“I’m not happy to see my friends work here while they’re at school,” says Adama, 12, looking around the quarry in the Gomb community in Kenema, southeastern Sierra Leone. Adama works with his parents and faces a painstaking job of splitting large rocks into gravel every day and then selling them to construction contractors, as stated on the UNICEF website.
Adama is one of nearly 138 million children worldwide who are engaged in child labour, and more than a third of children involved in dangerous jobs that could put their health, safety or development at risk.
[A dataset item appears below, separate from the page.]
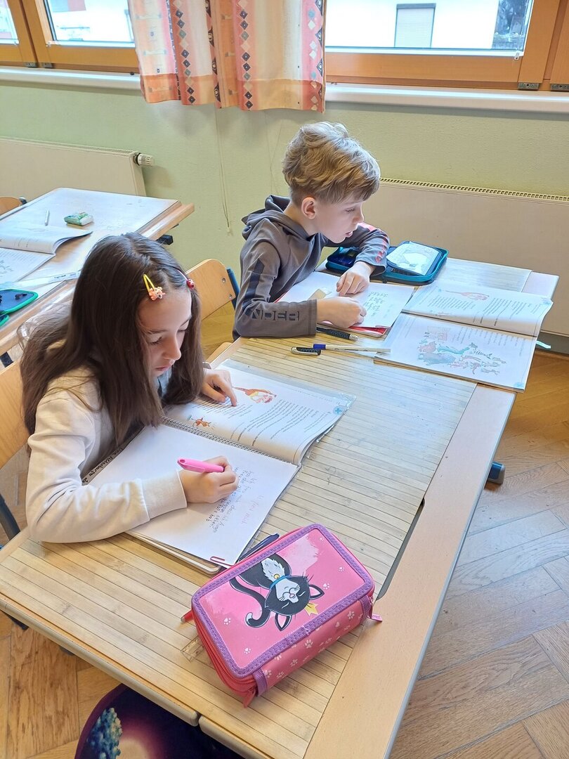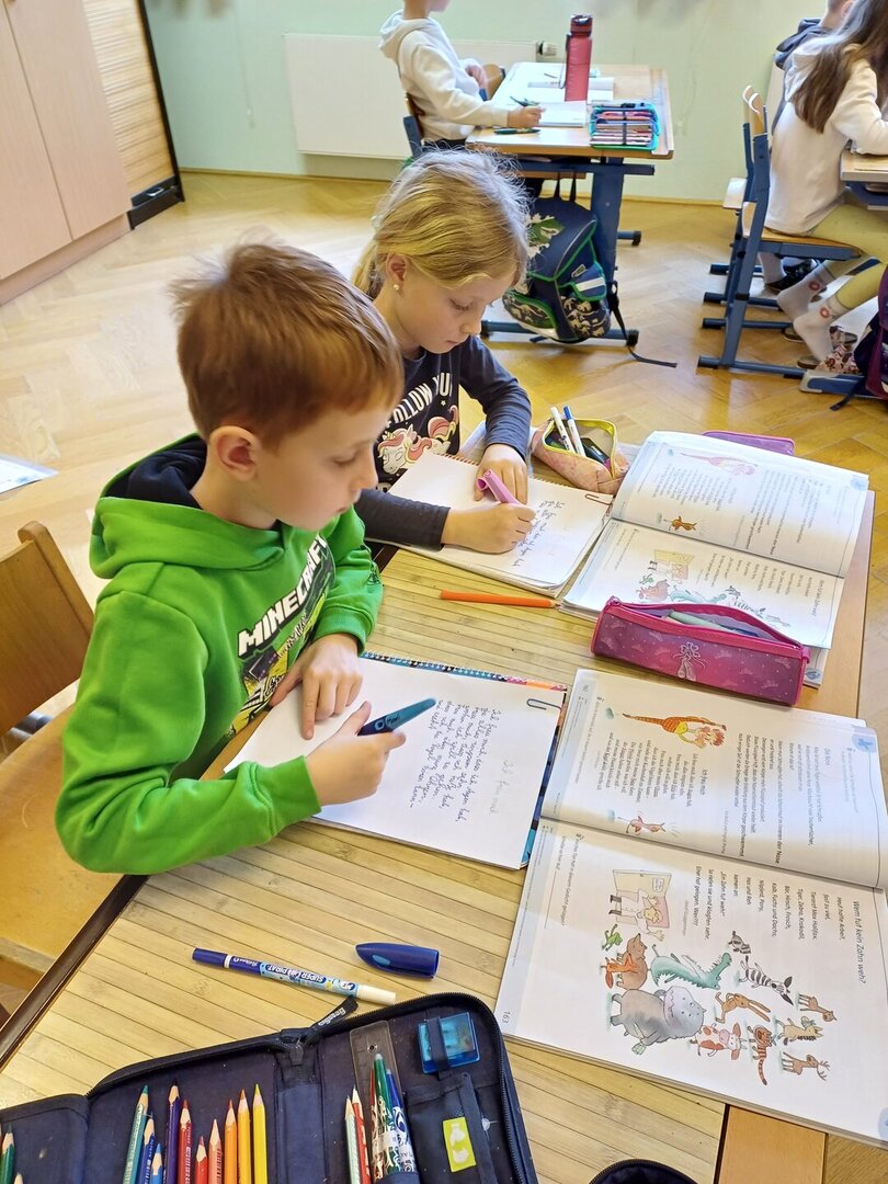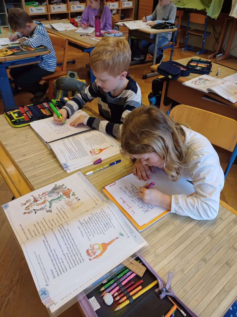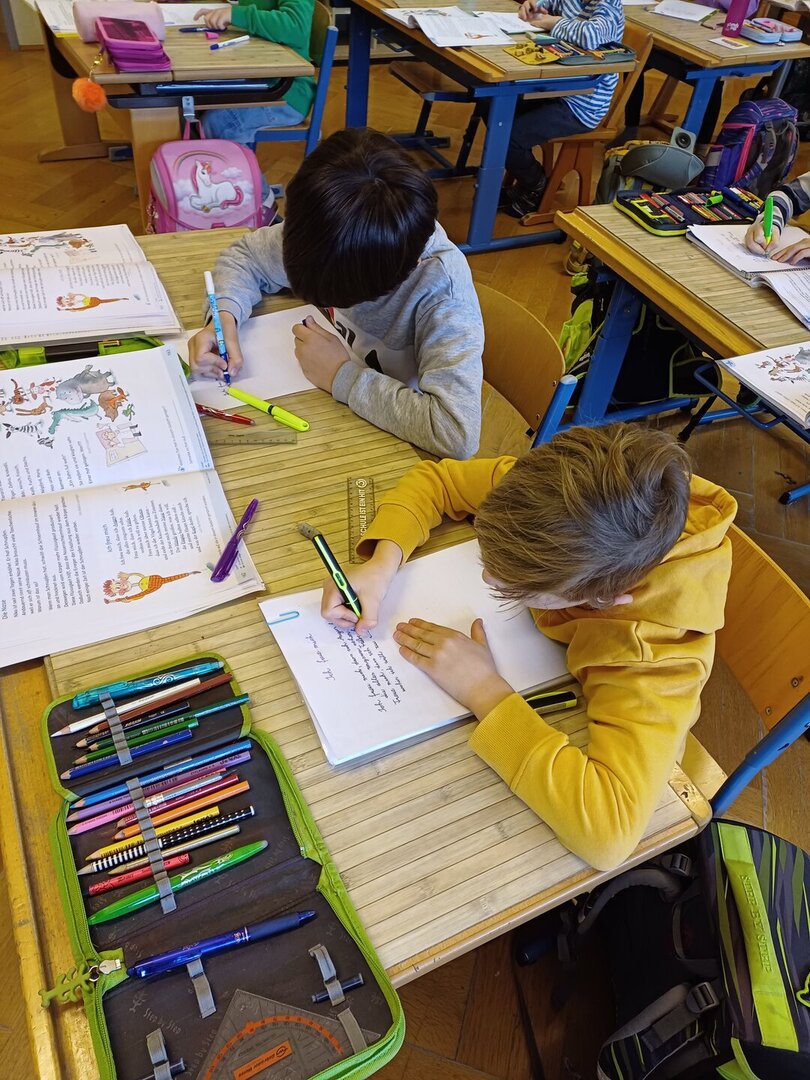 Die Kinder der 2a konnten es kaum erwarten ihre neuen Füllfedern in Gebrauch zu nehmen. Auch die Arbeit mit einem ,,Faulenzer" war für alle eine neue Erfahrung und deshalb hat sich jeder bemüht das Gedicht in schönster Schreibschrift zu Papier zu bringen.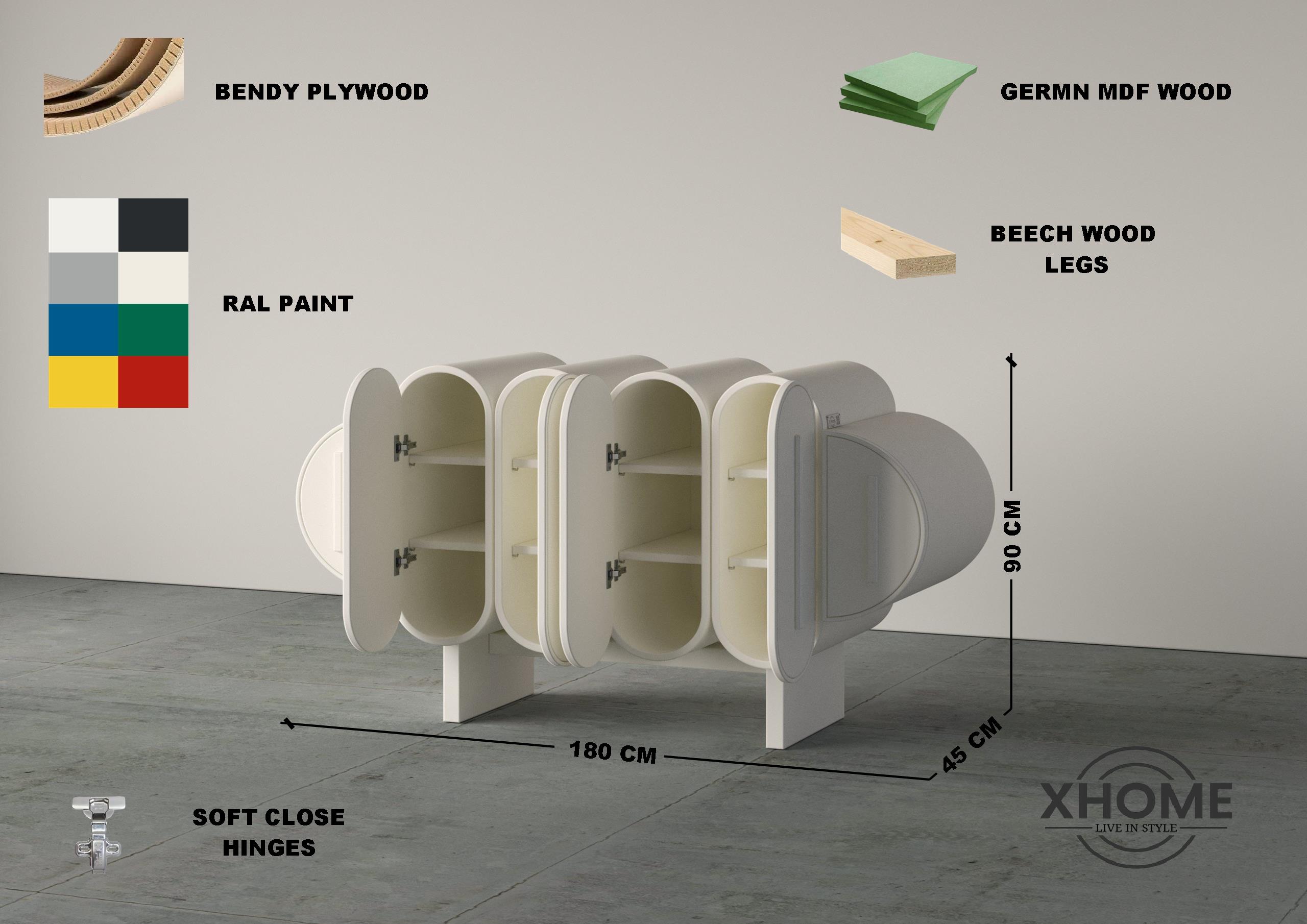 Inspired by fluid architectural shapes, the Olyra Dresser is crafted using curved construction techniques that create a bold yet refined silhouette. Its thoughtfully designed storage compartments and smooth-operating doors offer everyday practicality. A statement piece that elevates modern interiors with ease.

In most cases, child labour occurs when families face economic challenges and uncertainties, such as poverty, sudden illness in caregivers, or unemployment in primary wage workers. Whatever the reason children are exposed to child labour, the outcome is phenomenal. It can lead to sexual or economic exploitation, extreme physical and mental harm, and even death. In almost all cases, children cut off schooling and health care, limiting their fundamental rights.
Adama has been working in the quarry for five years and hopes to save enough money to return to school. She hopes to become a teacher one day. But for now, her busy days even begin when she heads to the quarry.
“In the morning, I clean, wash the dishes, clean the room, then chase my dad and mom for a living,” she says.
Over the past five years, child labour prevalence has declined in sub-Saharan Africa, but the total number has stagnated against the backdrop of population growth, ongoing and emerging conflicts and the expansion of the social protection system.
One in five children in Sierra Leone engage in child labor. Child labour compromises children’s education, limits future opportunities, and perpetuates an intergenerational cycle of deprivation.